T. M. Therneau and P. M. Grambsch, Modeling Survival Data: Extending the Cox Model. New York, Springer: 2000. An overview of both basic and advanced methods of survival analysis (event-history analysis), with reference to S and SAS software, the former implemented in Therneau's state-of-the-art survival package (and part of the standard R distribution), which has evolved since the publication of the book (see the vignettes included in the package).
S. van Buuren, Flexible Imputation of Missing Data, Second Edition, Boca Raton: CRC Press, 2018. There are several packages in R for multiple imputation of missing data; this book largely describes the mice (multiple imputation by chained equations) package, which is a reasonable general choice. An HTML version of the book is available on-line.
W. N. Venables and B. D. Ripley. Modern Applied Statistics with S, Fourth Edition. New York: Springer, 2002. An influential and wide-ranging treatment of data analysis using S. Many of the methods described in the book are programmed in the associated (and indispensable) MASS, nnet, and spatial packages, which are included in the standard R distribution. This text is more advanced and has a broader focus than the R Companion. I once considered the MASS book the best moderately advanced reference on statistical data analysis in S and R. The book is still useful, but it is showing its age.
S. N. Wood, Generalized Additive Models:
An Introduction with R, Second Edition. New York:
Chapman and Hall, 2017. Describes the mgcv
package in R, which contains a gam function for
fitting generalized additive models based on smoothing
splines.
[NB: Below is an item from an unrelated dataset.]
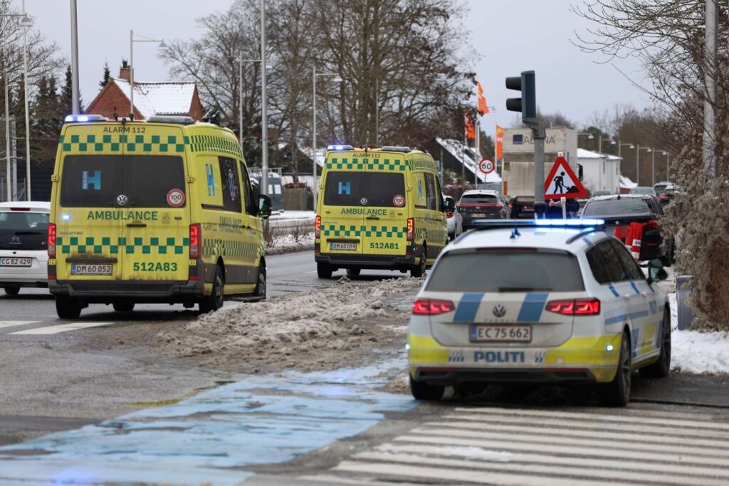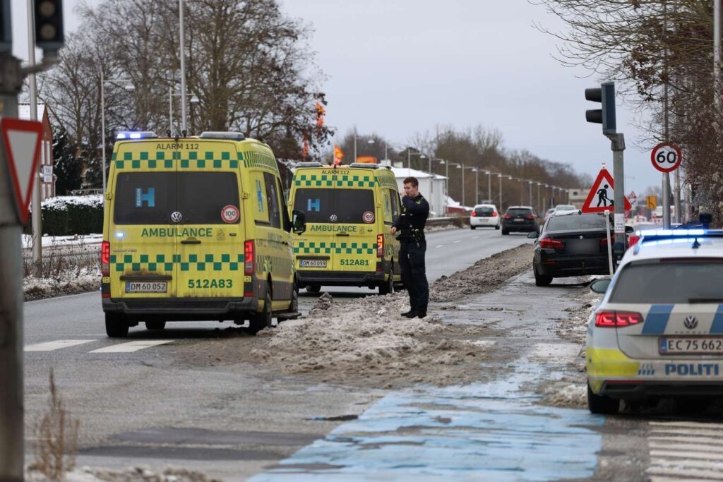 Billeder fra uheldsstedet viser to ambulancer, der er holdt ind til siden på en vej. I nærheden, halvt på cykelstien og halvt på fortorvet, holder en mørk personbil havareret.

The initials "mgcv" stand for
multiple generalized cross validation, the method by which
Wood selects GAM smoothing parameters.
Other Sources (Many Free)
The home page of the R web site has links to a variety of resources.
The R Journal, the journal of the R Project for Statistical Computing, and its predecessor R News, are also good sources of information, as is the Journal of Statistical Software, a free-access, on-line, and "high-impact" American Statistical Association journal dominated by coverage of R packages.
Information about R packages in a number of application areas is available in various “CRAN task views’’. Also see the package listing on CRAN.
The RStudio web site is a good source of information both on using the RStudio IDE and on other topics, such as R Markdown (see the link for "Resources").